Deborah Aschheim (selected by Sandhini Poddar), Greenpoint for Short...
at New General Catalog 224, Brooklyn, NY
2005, Mixed-media installation (plastic, security electronics, light), lcd televisions, closed circuit spy cameras, rca cable, lamp cord, plastic and incandescent light
Dimensions variable

STATEMENT
“Neural Architecture” is a series of site-specific installations that considers the blurring of biology and buildings. The “Neural Architecture” installations conjure up a fragile, new organism, a hybrid of surveillance electronics, neural sensing and architecture that emerges out of our post-September 11 ambivalent embrace of surveillance technology. Imagine the subtle mutation of the building’s DNA, so that the space begins to grow its own sensing capacity out of equipment that was installed to protect the building’s occupants. This new nervous system, an immersive, transparent network of tubes, wiring, electronics and light, sprawls through rooms and hallways, enveloping viewers in its relentless, glowing proliferation.

BIO
Deborah Aschheim has explored the theme of Neural Architecture in exhibitions at the Frist Center for the Visual Arts in Nashville; the Armory Center for the Arts in Pasadena; Otis College of Art and Design in Los Angeles; Laguna Art Museum in Laguna Beach, CA; Consolidated Works Art Space in Seattle; and the Los Angeles Municipal Art Gallery. Since 1997, she has exhibited immersive sculptural environments that make connections between architecture, biology and public space throughout the United States and in Europe. She is the recipient of fellowships from City of Los Angeles, the New Jersey State Council for the Arts and the Pasadena Arts Commission.

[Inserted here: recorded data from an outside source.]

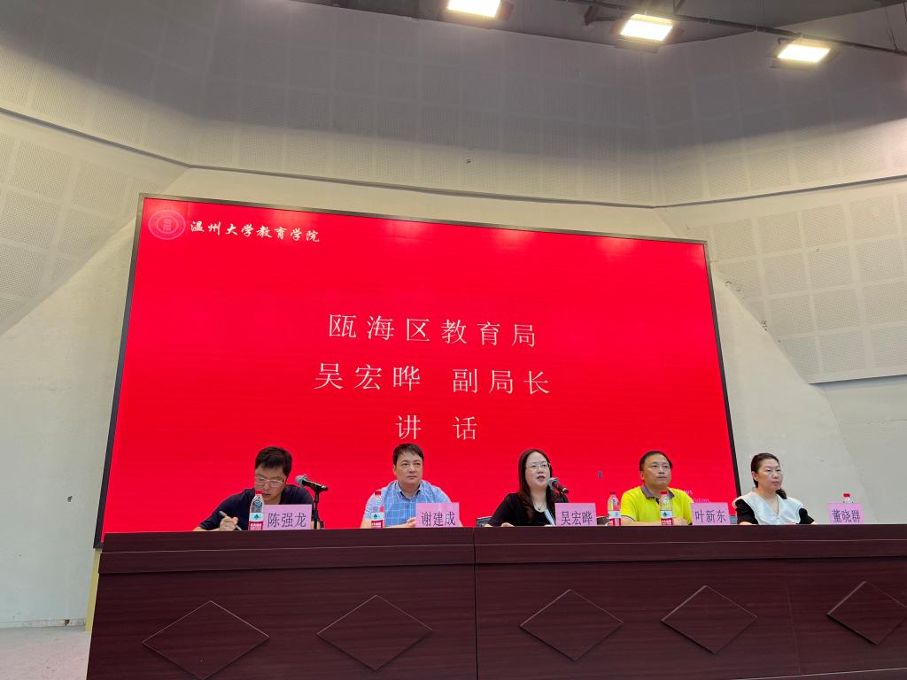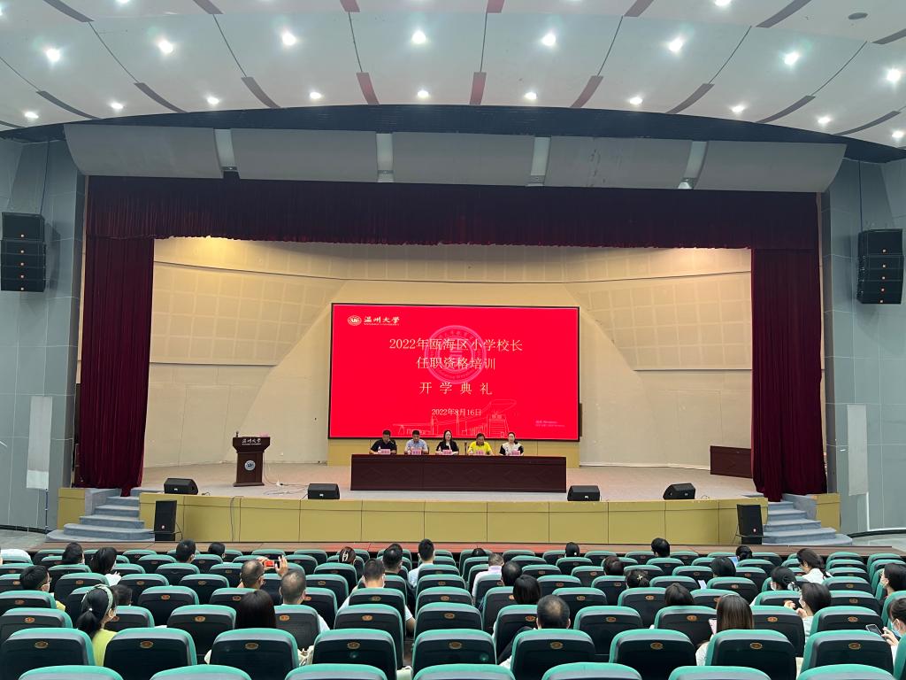 2022年8月16日上午,2022年瓯海区小学校长任职资格培训在p站视频 举行开学典礼。瓯海区教育局党委委员,副局长吴宏晔、瓯海区教育局组织人事科长谢建成、瓯海区教育研究院副院长董晓群、p站视频 副院长叶新东以及来自瓯海区的54名校长及后备干部参加了此次典礼。典礼由p站视频 培训中心主任陈强龙主持。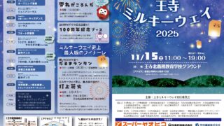 奈良県王寺町 王寺ミルキーウェイ花火打ち上げ(奈良県王寺町) 王寺ミルキーウェイ花火打ち上げは、奈良県王寺町の王寺北義務教育学校グラウンドで2025年11月15日(土)に行われる花火打ち上げ。王寺ミルキーウェイ花火打ち上げの開催日時、観覧場所、花火打ち上げ数、座席案内、プログラム、交通アクセス、関連動画、写真などの詳細情報。 奈良県王寺町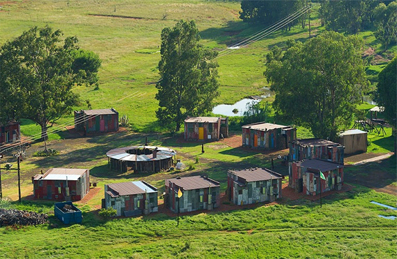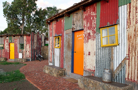 Странный и необычный пятизвездочный отель Shanty Hotel состоит из нескольких домиков, собранных из листового металла, так же как и большинство трущоб в Южной Африке. Мебель, сантехника и электрические приборы, которые используются в отеле были созданы, по крайней мере в молодости наших мам. Все это сделано для того, чтобы богатые туристы могли ощутить на своей шкуре как живется беднякам.

In addition to completing a Masters in Fine Arts, Aschheim completed undergraduate studies in Anthropology that inform her investigation of technology, culture and symbolic space. Her long-standing interest has been to create installations that reconcile the human body with the invisible worlds of microscopic biology and information networks, within the physical and social space of architecture.